Nonetheless, despite these great challenges, China has continued to drive ahead in rigorous pursuit of its national objectives in the three sets of leadership changes that have occurred since 1978 – and, as we are about to see, the fourth later this year.

Therefore I have so far found no evidence to support the multiple analyses over several decades now that China was on the verge of breaking up, or its rising middle class was about to bring about a Chinese version of the Arab Spring and with it the collapse of Communist Party rule.

This has perhaps been more of a reflection of wishful thinking by some, rather than any real analysis of Chinese politics on the one hand and the actual performance of the Chinese economy on the other.

Deng once urged the Chinese people to 'seek truth from facts'.

We should heed his exhortation and do the same. One further cautionary note, however, on China and American economic relativities is that as we analyse China’s rise, we should be very wary of any conclusions of America’s absolute decline.

The data continues to demonstrate that America will continue to grow and because of its vast migration programme, it has no impending date with demographic destiny.

Furthermore, both America and the American economy have demonstrated time and time again a formidable capacity to re-invent itself, to generate new innovations, technologies, and enterprises on a mass scale.

America, therefore, will remain a formidable economy and strategic force through to mid-century and beyond.

Cultural revolution

The rise of China and its impact on the Global and Regional Order -

The real question today is what does the rise and rise of China mean for the regional and global order - for peace, prosperity and stability for the immediate decades ahead.

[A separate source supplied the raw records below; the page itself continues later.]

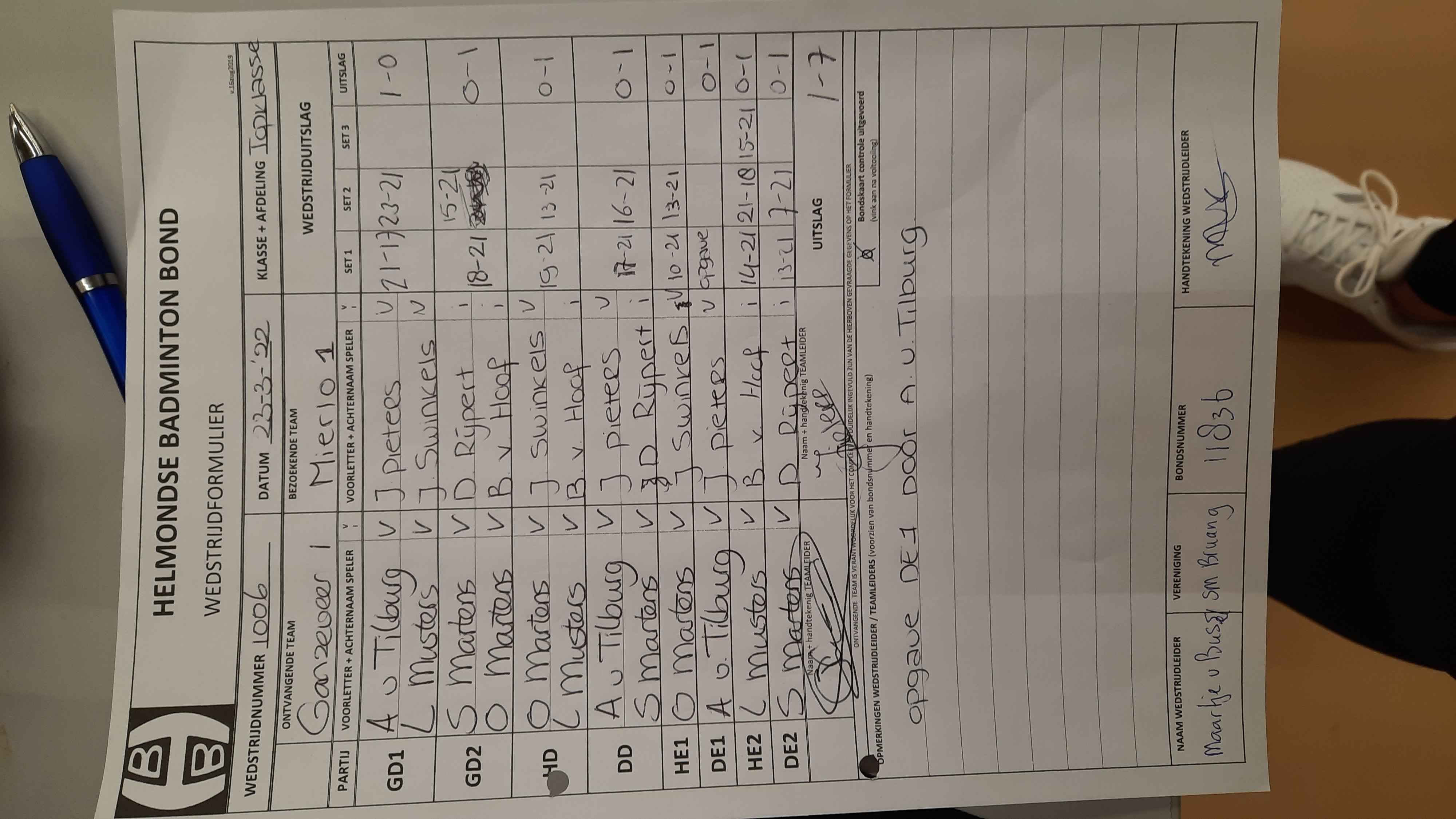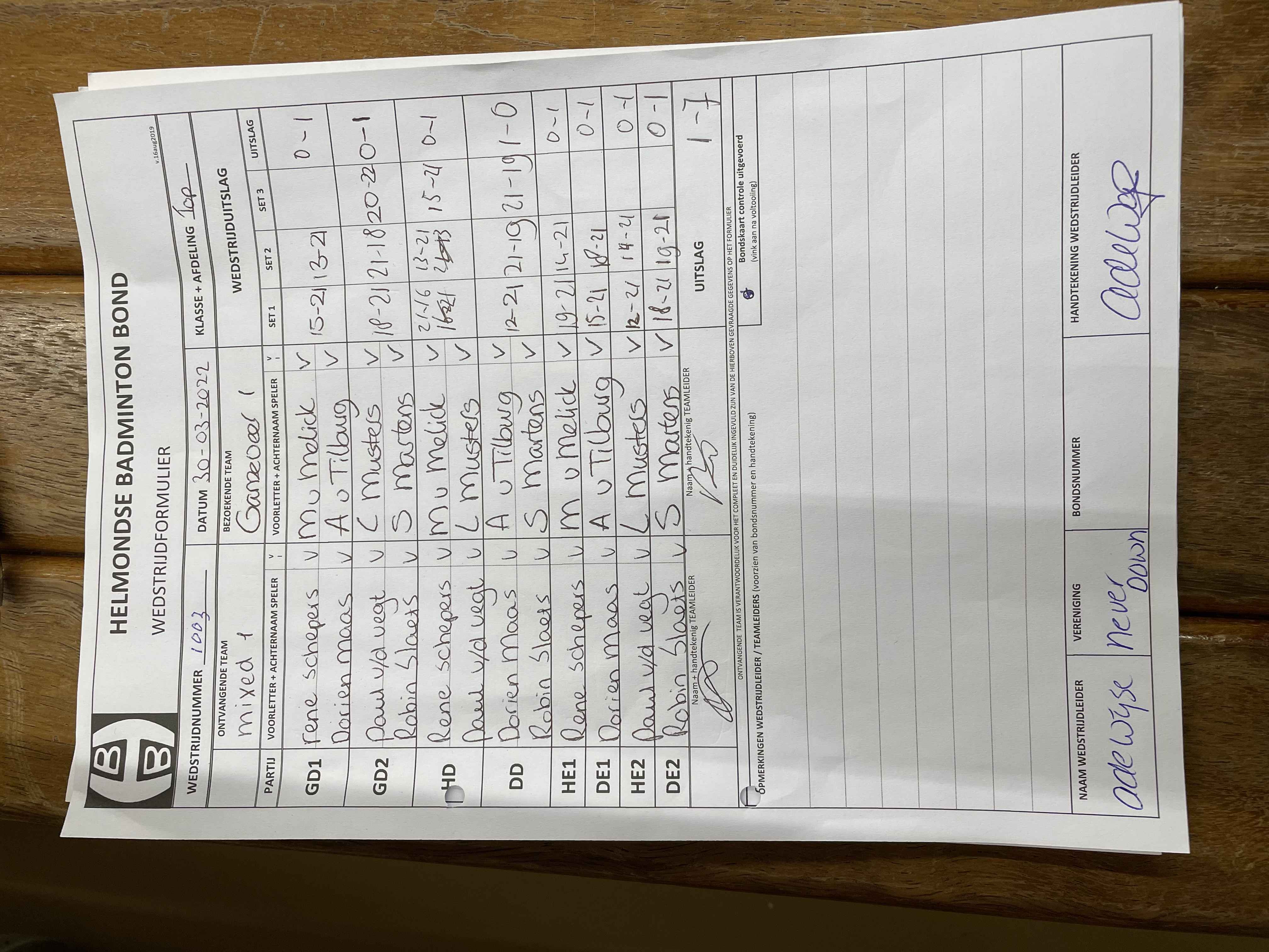 | 1003 | wo. 30-03-2022 | Mixed 1 | - | Ganzeveer 1 | 11 | 1 - 7 | |||
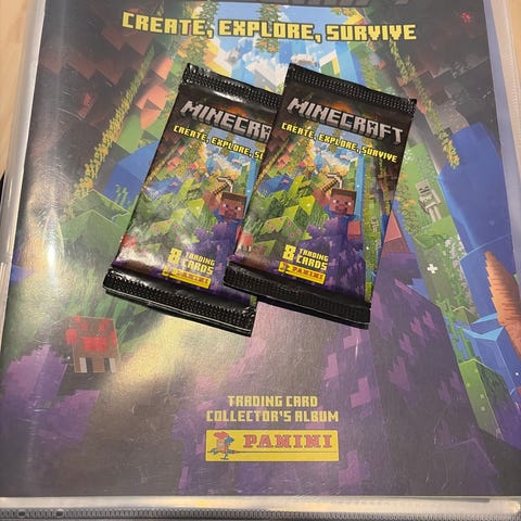Panini Minecraft osittain täytetty keräilykorttikansio ja 2 avaamatonta pakettia
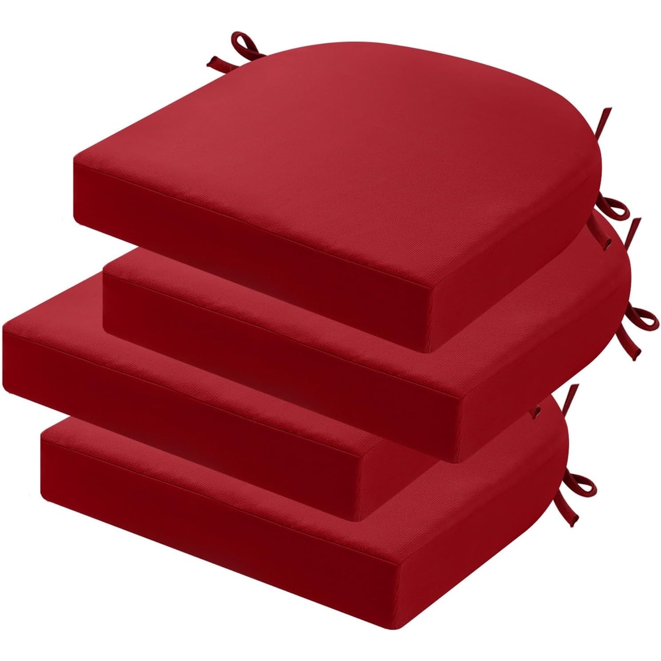Set of 4 Waterproof Outdoor Chair Cushions, 17x17x3 Inches, Red, with Ties and Memory Foam
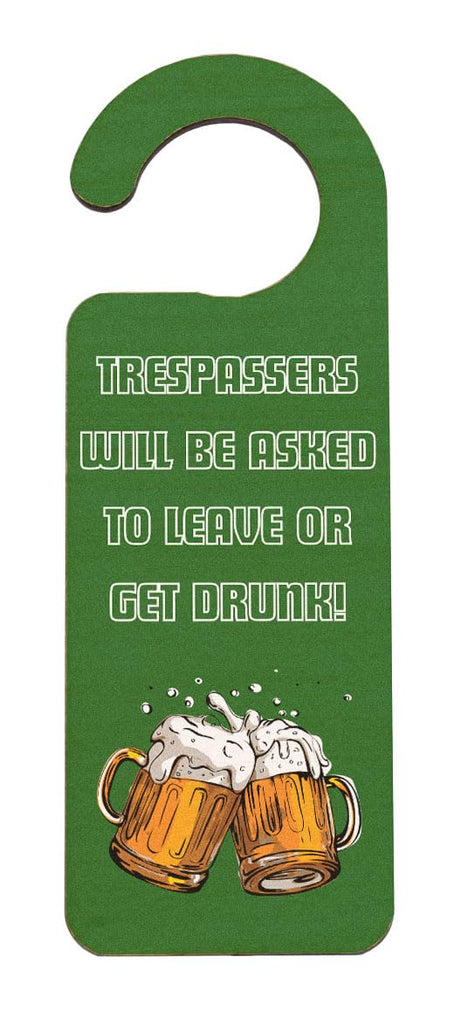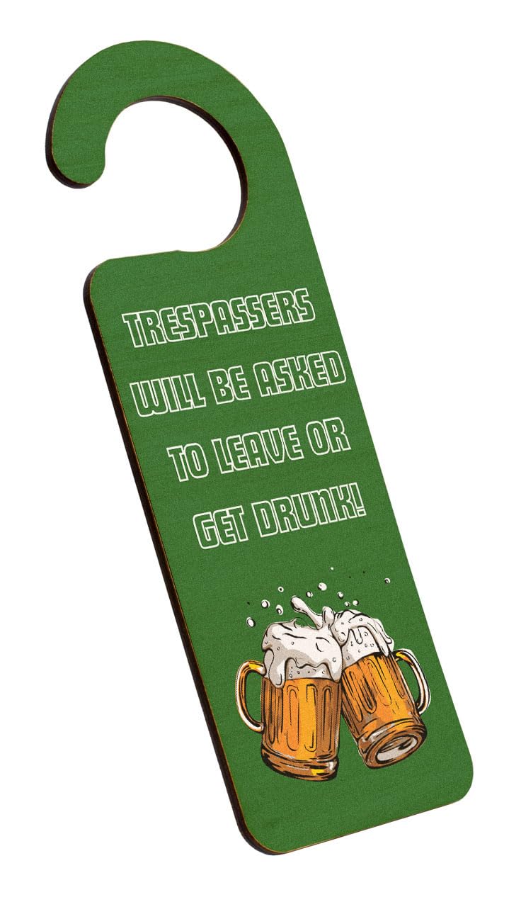 Add a touch of humour to your man cave or party zone with this Funny Beer Mug Man Cave Do Not Enter Private Area Green Door Hanger. This handcrafted laser-cut plywood product is perfect for anyone who loves drinking jokes and quirky messages. The full-colour door hanger features a funny and witty cartoon-style design, making it a great addition to your home decor. This unique novelty sign reads 'Trespassers will be asked to leave or get drunk', giving a humorous warning to all who enter. Let everyone know that this area is a private space and not to be entered with this eye-catching and fun green door hanger.
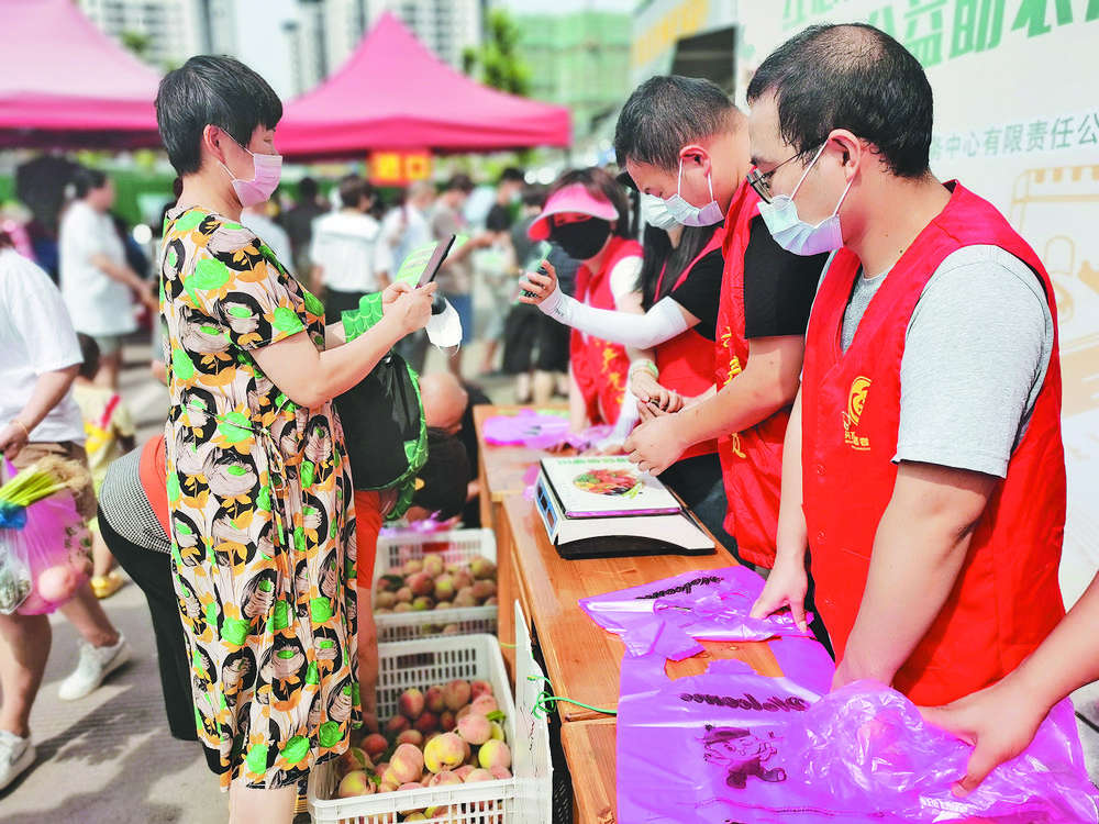 : “賣桃子嘍,剛剛山上摘下的上溪本地桃,新鮮大個(gè)……”6月26日,由義烏市市場(chǎng)開發(fā)服務(wù)中心有限責(zé)任公司總支部委員會(huì)主辦的“紅心向黨 放心菜籃 七一公益助農(nóng)活動(dòng)”在上溪綜合市場(chǎng)舉行。50余名黨員志愿者分成兩組, ...

Because the historic shift I referred to earlier is already upon us.

And the challenge for policy makers everywhere is how to shape the changes that are unfolding in the international system today, rather than simply being interested, arm-chair analysts and critics, passively observing the unfolding events, sometimes politely, other times not.

Because when placed in an even wider historical context than the relative metrics of Chinese and American power, let us recognise the global implications arising from China rising to the top of the global economic ladder.

This will be the first time since the rise of the Spanish Empire 500 years ago that a non-Western power will be the dominant global economic power.

And the first time since Pitt the Younger that a non-democracy will be the world’s largest economy.

It is therefore a subject worthy of the most serious reflection and analysis, not just in Beijing and Washington, but across Asia, across Europe and across the world. Because how Asia embraces the rise of China will not just be of significance to Asian peace and prosperity.

How we in Asia embrace this change will have profound consequences for the world at large.

And as a Western, democratic nation of largely Judeo-Christian origin, fully engaged in practically all of the institutions of Asia, Australia finds itself in a unique position of experiencing the winds of change earlier than most.